This demo is really impressive: https://huggingface.co/spaces/mistralai/Voxtral-Mini-Realtim...
Don't be confused if it says "no microphone", the moment you click the record button it will request browser permission and then start working.
I spoke fast and dropped in some jargon and it got it all right - I said this and it transcribed it exactly right, WebAssembly spelling included:
> Can you tell me about RSS and Atom and the role of CSP headers in browser security, especially if you're using WebAssembly?
404 on https://mistralai-voxtral-mini-realtime.hf.space/gradio_api/... for me (which shows up in the UI as a little red error in the top right).
Thank you for the link! Their playground in Mistral does not have a microphone. it just uploads files, which does not demonstrate the speed and accuracy, but the link you shared does.
I tried speaking in 2 languages at once, and it picked it up correctly. Truly impressive for real-time.
Doesn't seem to work for me - tried in both Firefox and Chromium and I can see the waveform when I talk but the transcription just shows "Awaiting audio input".
It is quite impressive.
I have seen the same impressive performance about 7 months ago here: https://kyutai.org/stt
If I look at the architecture of Voxtral 2, it seems to take a page from Kyutai’s delayed stream modeling.
The reason the delay is configurable is that you can delay the stream by a variable number of audio tokens. Each audio token is 80 ms of audio, converted to a spectrogram, fed to a convnet, passed through a transformer audio encoder, and the encoded audio embedding is passed, with a history of 1 audio embedding per 80 ms, into a text transformer, which outputs text embedding, then converted to a text token (which is thus also worth 80ms, but there is a special [STREAMING_PAD] token to skip producing a word).
There is no cross-attention in either Kyutai's STT nor in Voxtral 2, unlike Whisper's encoder-decoder design!
It can transcribe Eminem's Rap God fast sequence, really, really impressive.
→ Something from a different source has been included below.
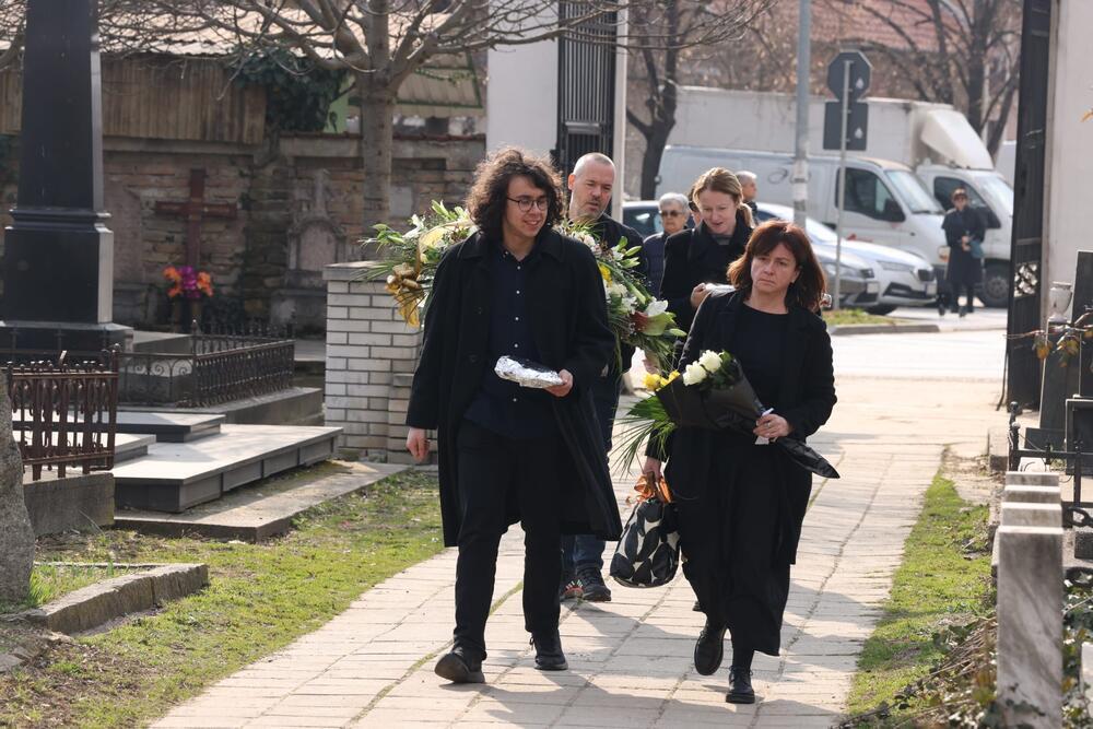 Gavrilo, sin Nebojše Glogovca, došao je na groblje sa svojom tetkom Bojanom, inače rođenom sestrom pokojnog glumca.

This model was able to transcribe Bad Bunny lyrics over the sound of the background music, played casually from my speakers. Impressive, to me.
Wow, that’s weird. I tried Bengali, but the text transcribed into Hindi!I know there are some similar words in these languages, but I used pure Bengali that is not similar to Hindi.
I can't get that demo to work. Tried with both Firefox and Chrome.
I’ve been using AquaVoice for real-time transcription for a while now, and it has become a core part of my workflow. It gets everything, jargon, capitalization, everything. Now I’m looking forward to doing that with 100% local inference!
Doesn’t seem to work in Safari on iOS 26.2, iPhone 17 Pro, just about anything extra disabled.
It's really nice although I've got a sentence in French when I was speaking Italian but I corrected myself in the middle of a word.
But I'm definitely going to keep an eye on this for local-only TTS for Home Assistant.
Not terrible. It missed or mixed up a lot of words when I was speaking quickly (and not enunciating very well), but it does well with normal-paced speech.
Here European Multilingual-Intelligence truly shines!
[dead]
[flagged]
[flagged]
Having built with and tried every voice model over the last three years, real time and non-real time... this is off the charts compared to anything I've seen before.
And open weight too! So grateful for this.